Makoko is a marginal suburb in Lagos, Nigeria´s former capital city, which is nowadays the second most populated city in Africa with nearly 25 million inhabitants. Makoko means “fishermen´s village” which is exactly what its first inhabitants were about 150 years ago. In the past their homes, built on pillars placed at the bottom of the shallow salt lake, had a special beauty that made the neighbourhood known as the “Nigerian Venice”.

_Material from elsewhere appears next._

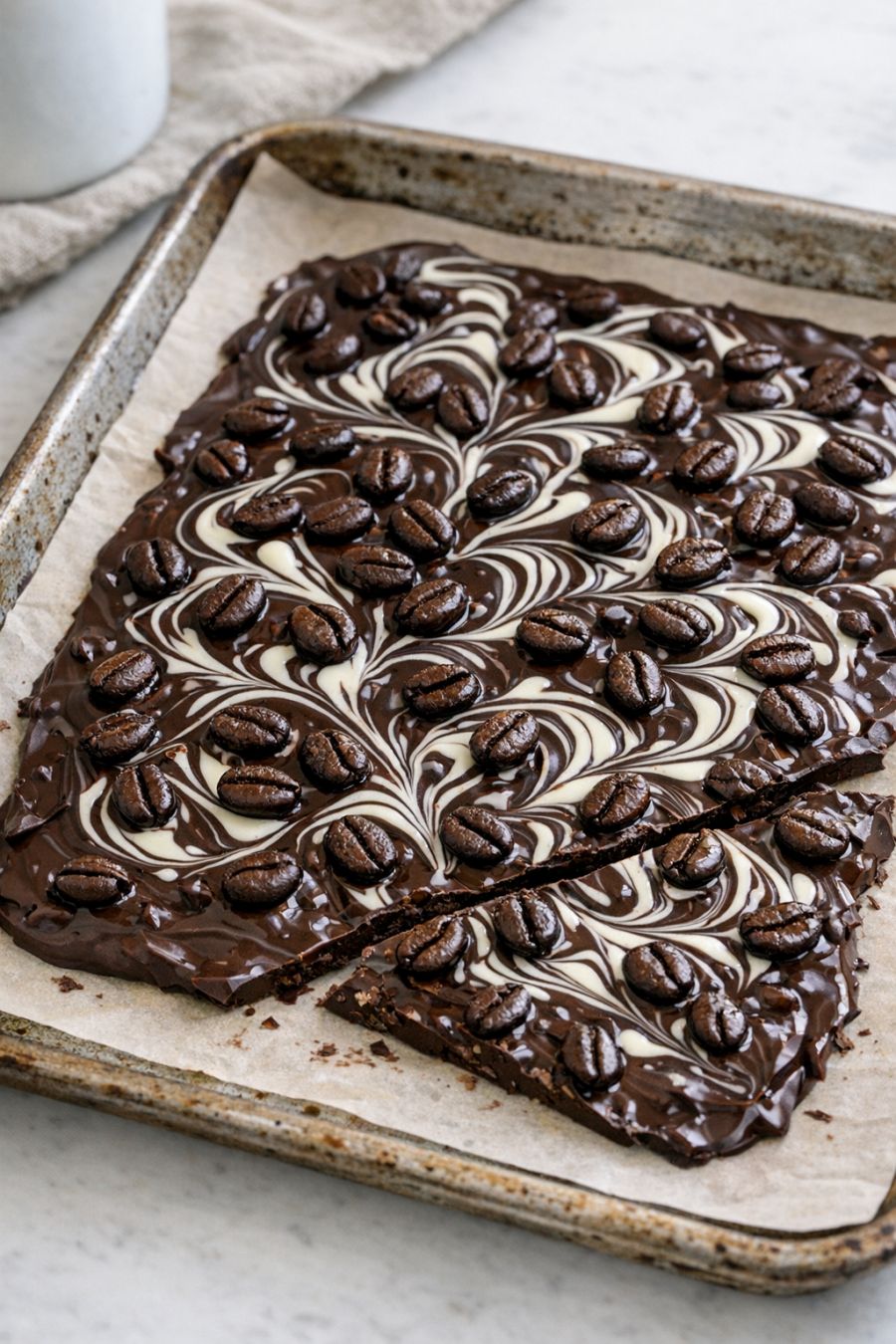 Line a baking sheet or large rimmed tray with parchment paper. Carefully spoon or pour the warm chocolate-espresso mixture onto the parchment. Use the spatula to spread it out into an even layer about 1/4 inch thick, nudging the beans so they’re fairly evenly spaced throughout.

But nobody fishes in Makoko anymore. Today, sewage spreads out below the houses and their inhabitants live in one of the unhealthiest marginal neighborhoods in the world. For decades, Makoko residents have had no access to basic sanitation or electricity. There are communal latrines, but they need to be shared by around 15 households, and sewage, kitchen residues and all kinds of materials end up in the water below their homes. Drinking water reaches them via pipes paid by the own residents which make up a community of 85,000 neighbors, according to the last census in 2012. (A figure that is not reliable: see The water invisibles).

Currently, malaria, respiratory diseases and malnutrition are endemic problems in Makoko. The community is at risk due to the eviction promoted by the Nigerian government, which intends to build an extension of the luxurious neighborhood of Victoria Island and to clean the image of the city.

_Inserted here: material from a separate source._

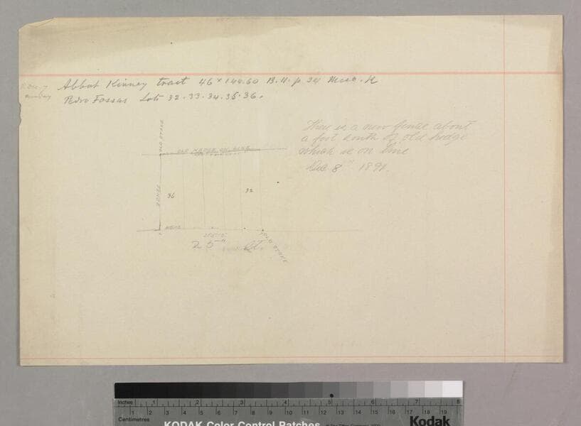 First sketch shows detailed subdivision along Main Street, intersected by Carlisle and Martin streets; smaller sketch showing only lot outline with distances, dated March 22, 1884; sheet dated 1868 has sketches of two lots, one bordered by Spring & Adam Streets "Thom [?] Delano to R.M. Vial. Title supplied by cataloger.

Climate change is added to this complicated situation, making floods more violent every year and testing the resilience of the population to a creeping impoverishment.

Floating hope

In view of the lack of determination shown by the government to alleviate Makoko´s problems, some projects have arisen among Nigerian urban planners and architects that have brought a glimmer of hope to the suburb. The most important one is the Makoko Floating School by Kunlé Adeyemi, a project supported by the Fundación Heinrich Böll and United Nations.

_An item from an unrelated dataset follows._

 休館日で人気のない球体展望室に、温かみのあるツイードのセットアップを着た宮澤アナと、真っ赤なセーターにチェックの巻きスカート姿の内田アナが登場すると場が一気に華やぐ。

It is a floating structure with a prism-like shape that is entirely autonomous: it collects rain water, generates solar energy and recycles waste water, and it is also immune to the rise in the water level due to floods. Adeyemi has designed the school as a building that may be replicated, so that it will be possible to develop similar areas to Makoko, empowering its neighbors to face the water and energy needs and avoiding residual pollution. The Nigerian architect also promotes a broader research project, the Africa Water Cities, with the aim of fighting the effects of climate change related to floods and the rise of the sea level in African cities.